WARNING: CPU: 0 PID: 83 at net/core/skbuff.c:6995 
skb_splice_from_iter+0x139/0x370
CPU: 0 PID: 83 Comm: kworker/0:1H Not tainted 6.8.0-39-generic #39-Ubuntu
Workqueue: nvme_tcp_wq nvme_tcp_io_work [nvme_tcp]
RIP: 0010:skb_splice_from_iter+0x139/0x370
CR2: 000072dab83e5f84
Call Trace:
 <TASK>
 ? show_regs+0x6d/0x80
 ? __warn+0x89/0x160
 ? skb_splice_from_iter+0x139/0x370
 ? report_bug+0x17e/0x1b0
 ? handle_bug+0x51/0xa0
 ? exc_invalid_op+0x18/0x80
 ? asm_exc_invalid_op+0x1b/0x20
 ? skb_splice_from_iter+0x139/0x370
 tcp_sendmsg_locked+0x352/0xd70
 ? tcp_push+0x159/0x190
 ? tcp_sendmsg_locked+0x9c4/0xd70
 tcp_sendmsg+0x2c/0x50
 inet_sendmsg+0x42/0x80
 sock_sendmsg+0x118/0x150
 nvme_tcp_try_send_data+0x18b/0x4c0 [nvme_tcp]
 ? __tcp_cleanup_rbuf+0xc5/0xe0
 nvme_tcp_try_send+0x23c/0x300 [nvme_tcp]
 nvme_tcp_io_work+0x40/0xe0 [nvme_tcp]
 process_one_work+0x16c/0x350
 worker_thread+0x306/0x440
 ? _raw_spin_unlock_irqrestore+0x11/0x60
 ? __pfx_worker_thread+0x10/0x10
 kthread+0xef/0x120
 ? __pfx_kthread+0x10/0x10
 ret_from_fork+0x44/0x70
 ? __pfx_kthread+0x10/0x10
 ret_from_fork_asm+0x1b/0x30
 </TASK>
nvme nvme1: failed to send request -5
nvme nvme1: I/O tag 125 (307d) type 4 opcode 0x0 (I/O Cmd) QID 1 timeout
nvme nvme1: starting error recovery
block nvme1n1: no usable path - requeuing I/O
nvme nvme1: Reconnecting in 10 seconds...

There is no workaround.

[Fix]

This was fixed in the below commit in 6.11-rc1:

commit ab99a87542f194f28e2364a42afbf9fb48b1c724
Author: Ofir Gal <ofir....@volumez.com>
Date:  Fri Jun 7 10:27:44 2024 +0300
Subject: md/md-bitmap: fix writing non bitmap pages
Link: 
https://git.kernel.org/pub/scm/linux/kernel/git/torvalds/linux.git/commit/?id=ab99a87542f194f28e2364a42afbf9fb48b1c724

This is a clean cherry-pick to the Noble tree.

[Testcase]

This can be reproduced by running blktests md/001 [1], which the author
of the fix created to act as a regression test for this issue.

[1]
https://github.com/osandov/blktests/commit/a24a7b462816fbad7dc6c175e53fcc764ad0a822

Deploy a fresh Noble VM, that has a scratch NVME disk.

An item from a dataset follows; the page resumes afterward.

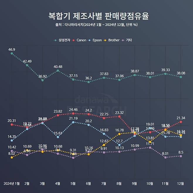 제조사는 삼성전자가 38%대 판매량 점유율로 압도적 1위다. 그 나머지 점유율을 가지고 캐논, 앱손, 브라더 등이 다투는 형국이다. 만년 2위는 캐논이다. 10월에 잠시 휘청하며 엡손에게 자리를 내준 적이 있지만, 이내 회복하여 21.34%로 마감했다. 살짝 혼란한 상황에서 3위권이었던 브라더가 소폭 상승하여 16.34%로 2위를 차지해 버렸다. 덕분에 엡손은 근소한 차이로 3위로 2024년을 마감했다. 참고로 삼성전자 복합기는 거의 모두 제조사와 수입업자가 HPPK(HP프린팅코리아)라고 표시된다. 2017년 삼성전자가 프린터, 복합기 사업을 HP에 매각한 결과다. 삼성 프린터라는 이름과 제품은 동일하지만, 진정한 제조사는 HP 임을 꼭 참고하자.

$ sudo apt install build-essential fio
$ git clone https://github.com/osandov/blktests.git
$ cd blktests
$ make
$ echo "TEST_DEVS=(/dev/nvme0n1)" > config
$ sudo ./check md/001

The md/001 test will hang an affected system, and the above oops message
will be visible in dmesg.

A test kernel is available in the following ppa:

https://launchpad.net/~mruffell/+archive/ubuntu/sf390669-test

If you install the test kernel, the md/001 test will complete
successfully, and the issue will no longer appear.

[Where problems could occur]

We are changing how the md subsystem calculates final IO sizes, and
taking the smaller value of the size or the bitmap_limit. This makes
sure we don't leak the final page and corrupt data.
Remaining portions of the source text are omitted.